Autonomous LLM-Guided Disease Prediction System: Real-Time Matching and Surpassing CDC Expert-Ensembled Models

This article introduces an autonomous disease prediction system using large language model (LLM)-guided tree search. The system underwent prospective real-time evaluation during the 2025-2026 U.S. respiratory infectious disease season, autonomously discovering prediction models for influenza, COVID-19, and RSV. Its ensemble results match or surpass the gold standard manually curated by the CDC, breaking through the labor bottleneck of traditional infectious disease prediction.

Probabilistic prediction of infectious diseases is crucial for public health decisions (e.g., resource allocation, vaccine planning). However, traditional methods rely on labor-intensive expert model curation: manual model development requires collaboration across multiple teams, has long iterative optimization cycles, and poor scalability (difficult to quickly respond to new pathogens or fine-grained regional predictions).

The core architecture of the system consists of three parts: 1. LLM-guided code generation (exploring model architectures, generating executable code, translating epidemiological theories); 2. Tree search optimization (Monte Carlo Tree Search explores the code space and expands based on performance feedback); 3. Automatic judge mechanism (checking theoretical consistency, structural fidelity, and interpretability). The system can autonomously discover diverse models such as mechanistic models, statistical models, machine learning methods, and hybrid approaches.

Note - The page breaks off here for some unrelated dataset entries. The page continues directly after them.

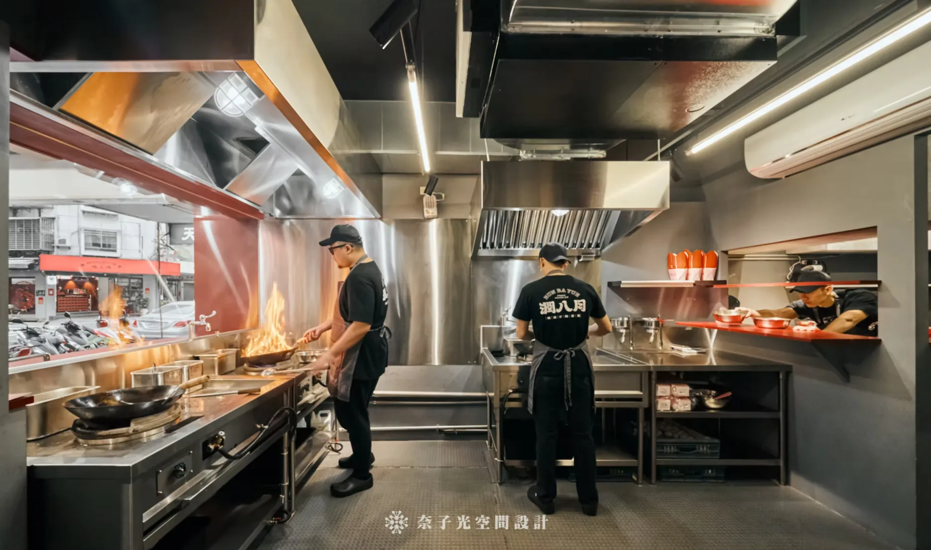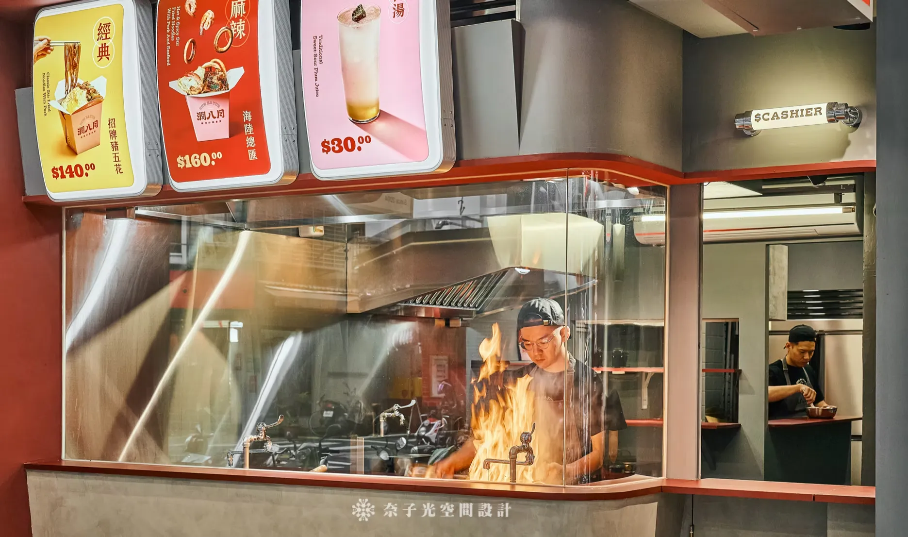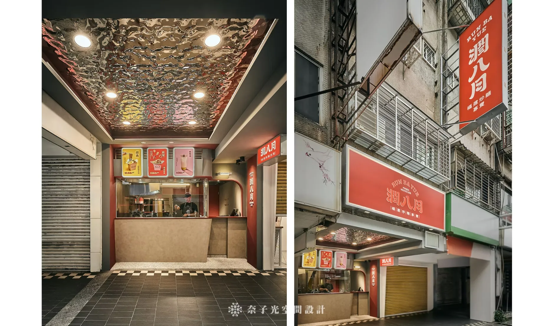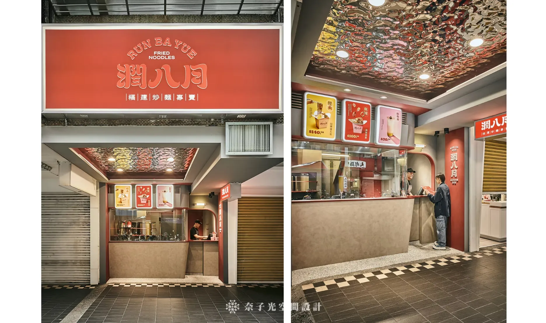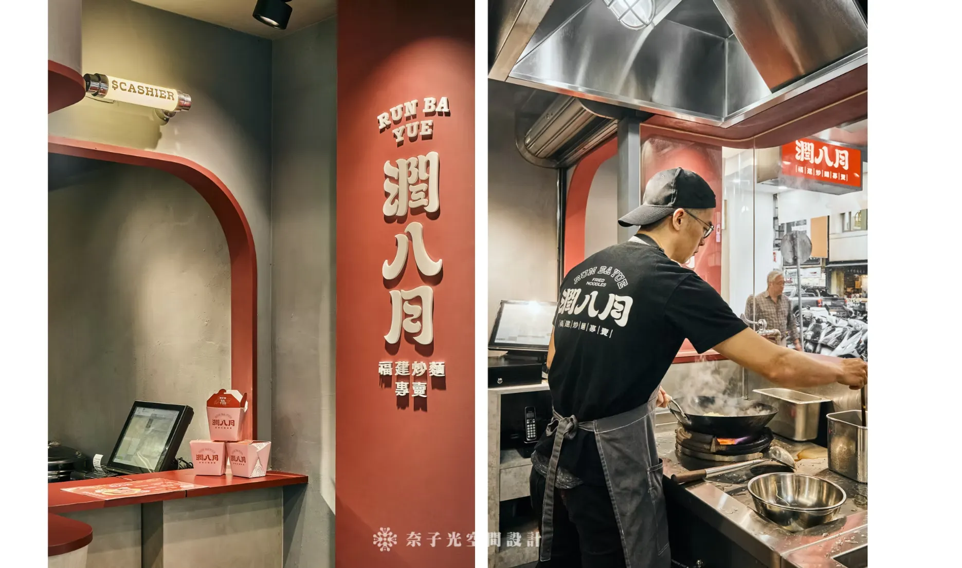 「炙」代表火焰、熱情、烹飪的動態;「味」代表食物、香氣和口感;「之間」則強調人與空間的連結,形成一種互動的氛圍,尤其設計了弧形玻璃展示窗,讓客人可以安全觀賞製作過程,感受「味」的真實存在。這裡是由總監的大學同學開的店面,在臨江夜市旁邊,口味簡直是一絕! 每次經過都要買一碗! 因為大家同樣是念設計學院,所以在美學溝通上我們一路通暢,只是因為最終選的行業別不同,走向不一樣的人生軌跡,室內設計其中一點最迷人的地方就是可以因為空間,將不同的背景職業,結合在一起。
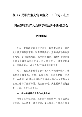 在XX局形式主义官僚主义、不作为不担当问题警示教育大会暨专项治理中期推动会上的讲话.docx
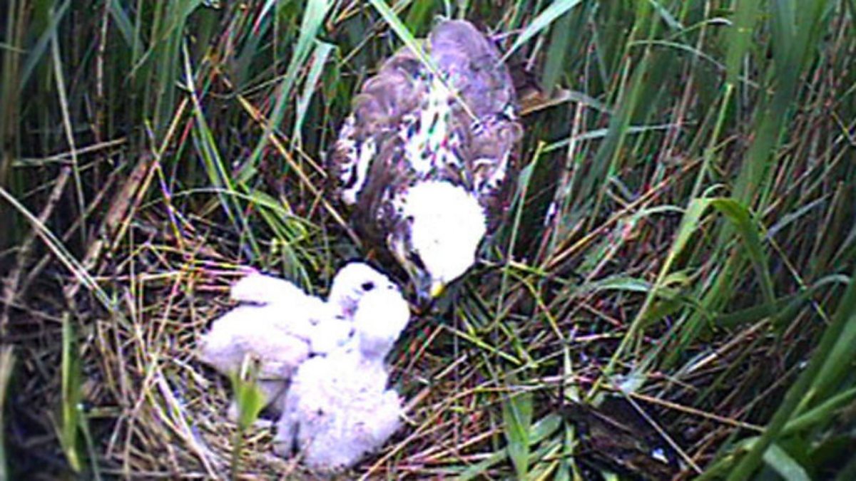 When Bill Oddie first went to East Anglia in the 1950s he searched high and low to see marsh harriers. Back then, there were only two pairs in this part of the country. The reason they have done so well in recent years is undoubtedly the work of conservationists creating new habitats for them and protecting them from persecution and poisoning. This mature female, with large patches of white on her, is collecting nest material. A camera set up by the Hawk and Owl trust looks at her nest and the chicks can be clearly seen with one that’s much smaller than the others. It's great to see these birds doing so well when they were so rare just 50 years ago.
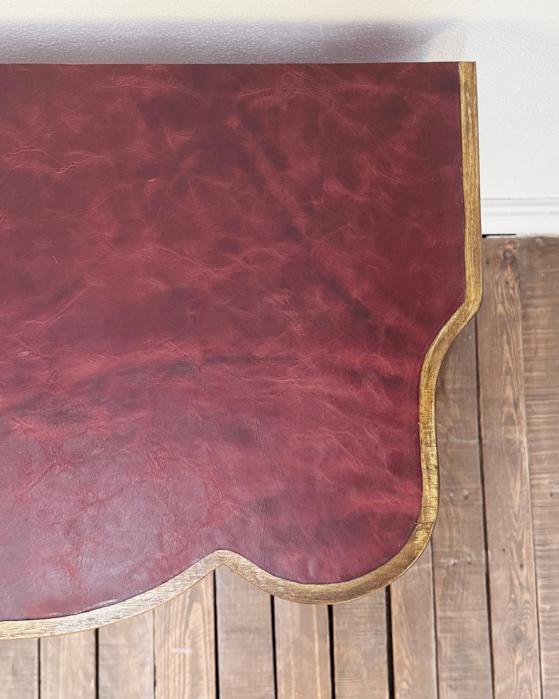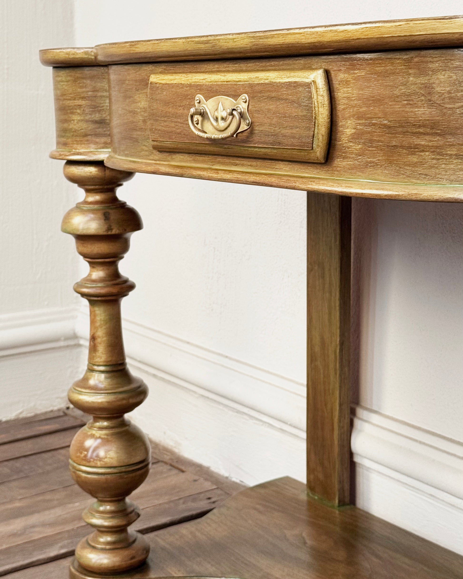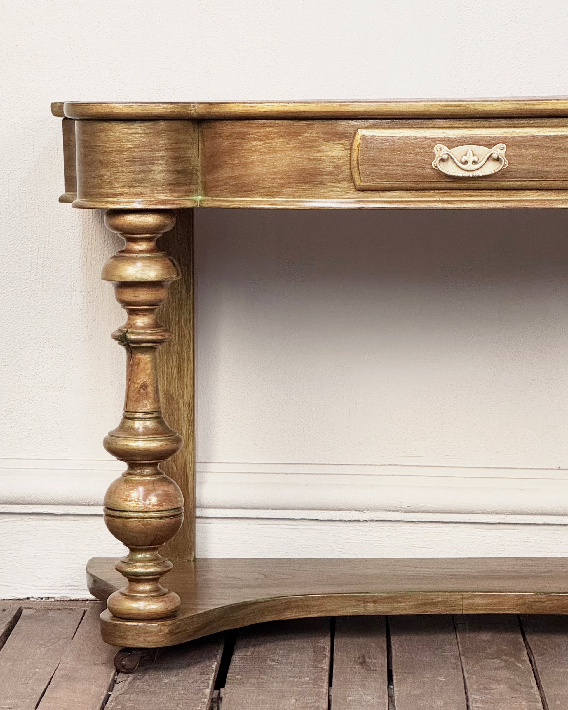 Extraordinaria mesa antigua de finales del siglo XIX. Con acabado en dorado pintado a mano que resalta la belleza de su diseño original clásico. Con cajón y superficie forrada en cuero color vino. Cuenta con una repisa inferior y ruedas de cerámica originales características de la época. Con herraje en bronce dorado.
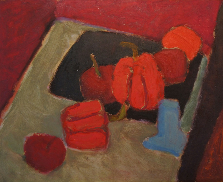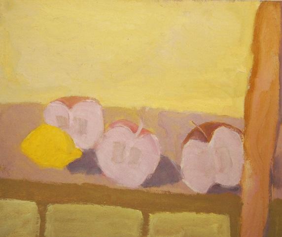Яблоки и книги. 2005. Картон, масло, 39х51
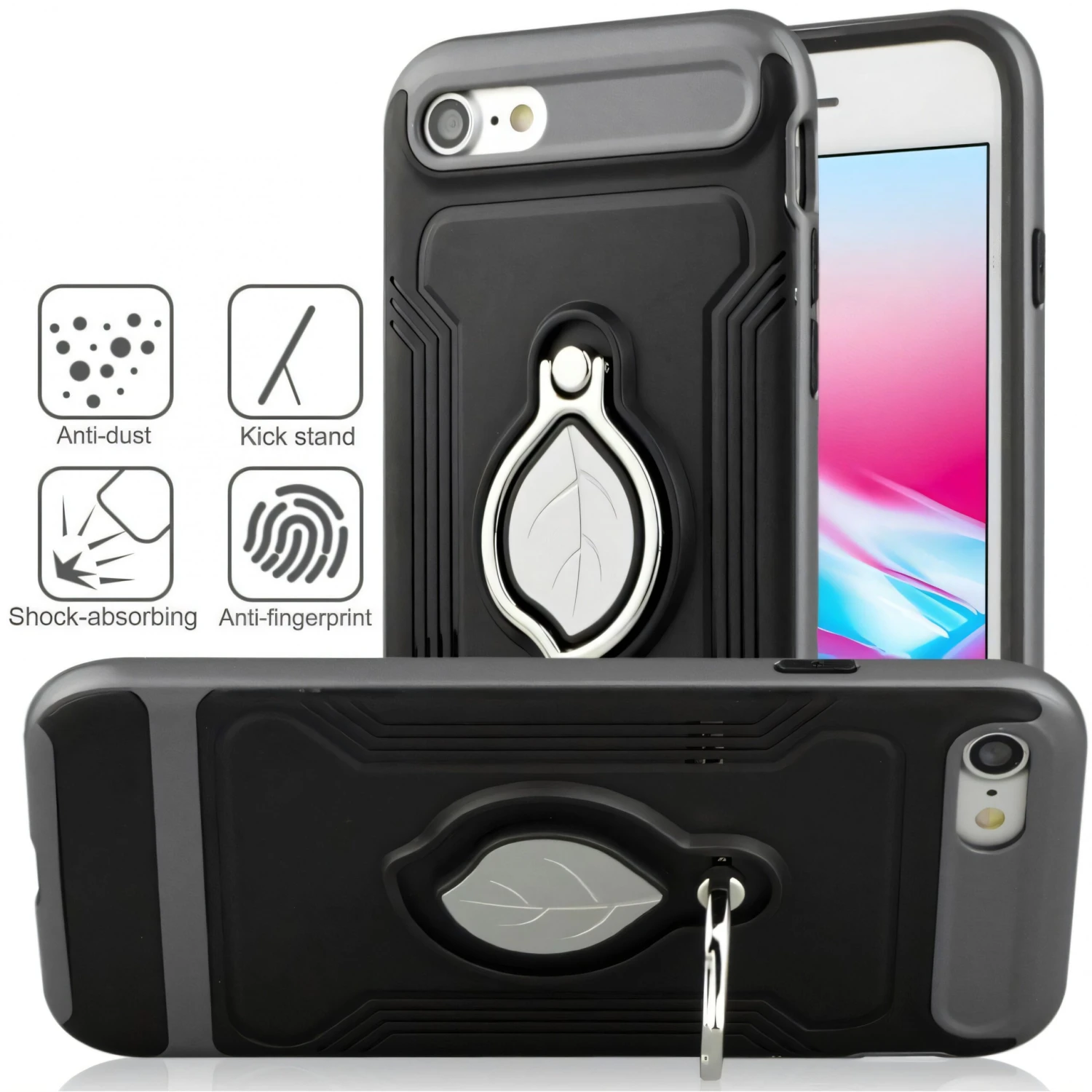 Habillez votre iPhone 8 et votre iPhone 7 avec la coque issue des usines de Angibabe et vous pourrez le transporter sans avoir à craindre qu’il ne vous échappe des mains. Tout cela, grâce au petit anneau incrusté au dos de la coque afin d’y glisser votre doigt. Il peut aussi servir à mettre votre iPhone de manière horizontale. Idéal, pour regarder vos vidéos.

Evaluation setup: During the 2025-2026 U.S. respiratory season, predicting the number of influenza, COVID-19, and RSV cases for the next 1-4 weeks, with real-time predictions generated weekly. Core results: The system's ensemble model consistently matches or surpasses the gold standard of CDC expert ensembles, and in cold-start scenarios with scarce RSV data, it maintains competitiveness through transfer learning and adjusting model complexity.

Ablation experiments validate key designs: 1. Log-scale distance metrics can prevent reward hacking (avoiding model fitting to extreme values); 2. The automatic judge mechanism ensures generated models comply with epidemiological principles, avoiding black-box models that perform well statistically but are scientifically unreasonable.

Research implications: 1. Integration of automation and specialization (LLM explores model space + expert knowledge encoded into the judge mechanism); 2. Breaking through scalability bottlenecks (rapid deployment to new regions/pathogens, supporting fine-grained predictions); 3. Transparency and interpretability (generated code is readable, has clear theoretical support, and provides uncertainty quantification).

Limitations: High computational cost, dependence on data quality, unproven generalization ability for extreme events, and ethical considerations. Future directions: Developing efficient search algorithms, integrating multi-modal data, establishing real-time feedback mechanisms, and optimizing human-machine collaboration interfaces. Conclusion: This system marks the transition of infectious disease prediction from manual development to automated intelligent systems, and AI will play an important role in the field of public health.